Appeal tribunal declassifies The Spear

2012-10-10 16:06

The Film and Publication Appeal Tribunal has set aside the “16N” classification of Brett Murray’s controversial painting of President Jacob Zuma, The Spear.

The declassification is relevant to the painting, which was displayed in the Goodman Gallery in Johannesburg, the image published on the gallery’s website and other websites as well as other electronic images.

The Goodman Gallery appealed against the classification on September 17, on the grounds that it was “impermissible and unsustainable”, Sapa reported.

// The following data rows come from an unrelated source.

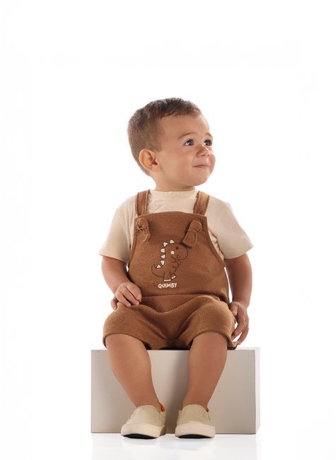 Conjunto para bebê menino, que combina estilo e conforto para os pequenos. Composto por camiseta em tecido de algodão, leve e macia, com costura reforçada e gola arredondada em ribana. Acompanha jardineira confeccionada em tecido gorgurão, que garante praticidade e liberdade de movimento. Possui estampa de dinossauro, alças que passam por caseados e fechamento com botões de pressão entre as pernas, facilitando na hora de vestir e trocar. Conjunto ideal para os dias de verão: resistente, confortável e cheio de estilo.
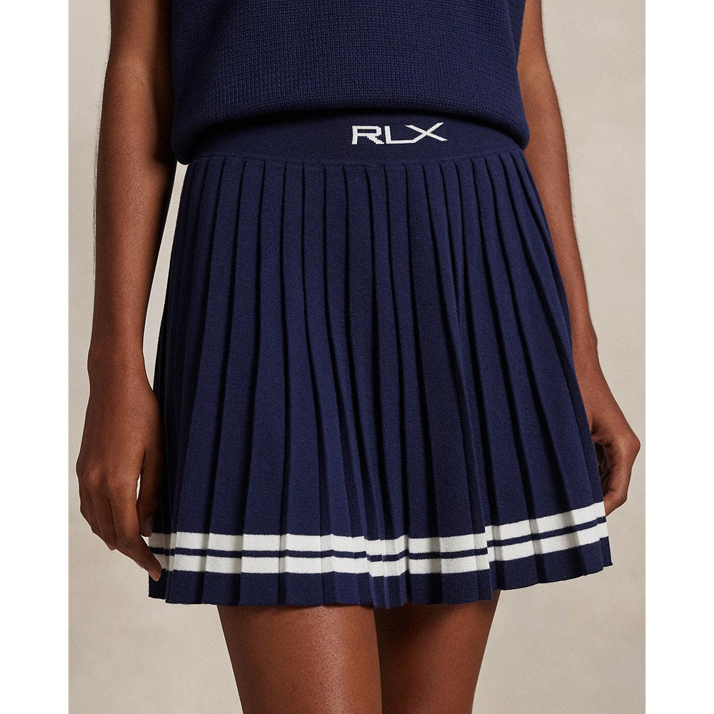 RLX Ralph Lauren Lauren Women's Knit Pleated Golf - Tentera Laut/Putih yang halus
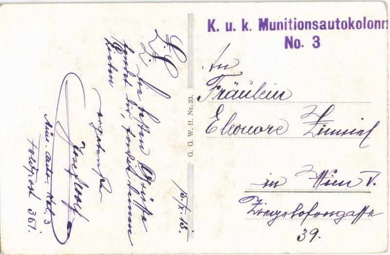 1915 Ihr Bild / WWI Austro-Hungarian K.u.K. military art postcard. G.G.W.II. Nr. 33. + "K.u.K. Munitionsautokolonne No. 3." (EB)
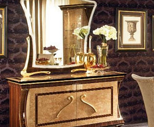 Итальянский буфет Rossini фабрики Arredo Classic. Буфет выполнен в классическом стиле лучшими итальянскими мастерами и дизайнерами. Буфет сделан из высококачественного МДФ и ДСП в цвете макассар, кофе с молоком, и украшен кристаллами Swarovski. Буфет имеет две дверцы.
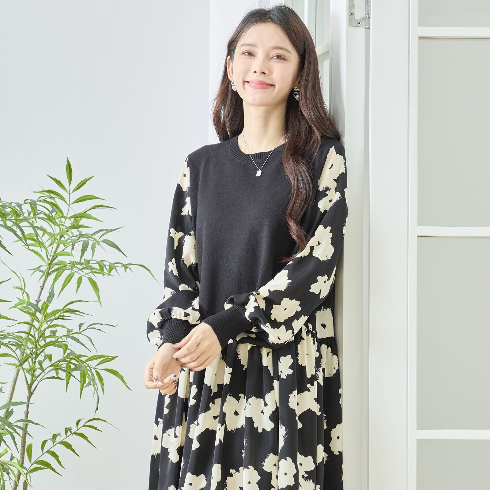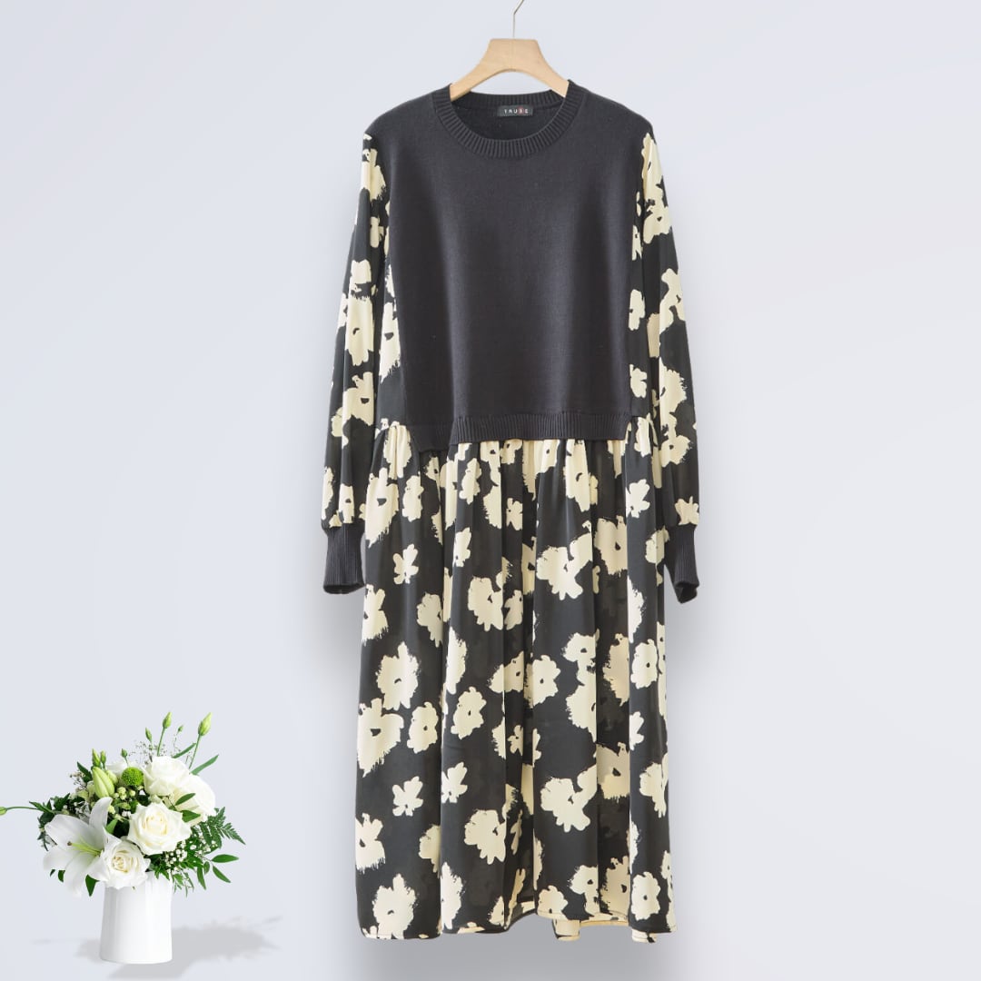 TRUBE ニットドッキングフラワープリントワンピース【M~L】ブラック
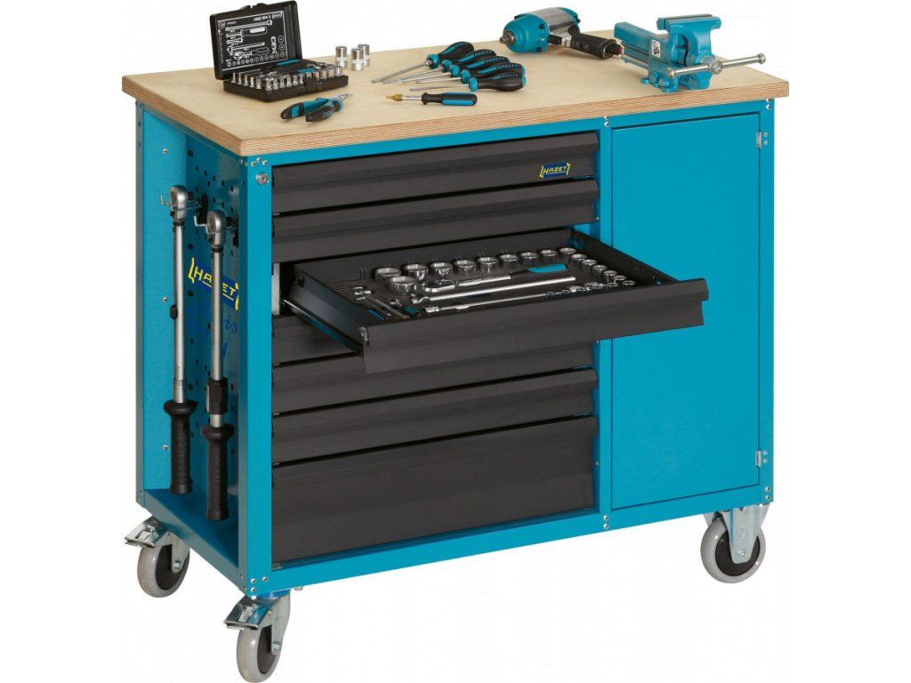 Vysoce kvalitní, pojízdný pracovní stůl HAZET, vyroben z ocelového plechu, dřevěná deska, 7 zásuvek, nosnost až 700 kg.

In its ruling the tribunal says it appears the Film and Publication Board (FPB) attempted to use a section of the act governing its work aimed at protecting children to “vindicate the right to dignity of those who were affronted by the painting”.

“They were not, in terms of the law, permitted to do so. The sole objective of restrictive age classifications is to protect children; and to the extent that the Classification Committee attempted to achieve the purposes of protecting sensitive viewers or assuaging the sense of indignity felt by some segments of the community, it erred. It was not legally permissible for it to impose restrictive age classifications to achieve these purposes or objectives.”

The tribunal also found that:
» The FPB should not have considered the complaint against City Press (for publishing an image of the painting on its website) since the board has no jurisdiction over the newspaper or its website.
» The FPB erred in extending its decision to classify The Spear to all websites that had published the image.
» The Classification Committee’s finding was correct that The Spear is not pornographic.
» The Classification Committee was “heavily influenced ... by the need to affirm the dignity of African males and to protect sensitive persons and children”.
» There had been no evidence before the

Classification Committee that “the painting would be harmful to children

on the grounds that it seriously undermines and is insensitive to

African culture”.
» The argument that the presence of nudity in the painting by default deems it “potentially disturbing, harmful or inappropriate to children” is flawed. “It would mean that every artistic work that contained nudity would be deemed presumptively harmful to children.”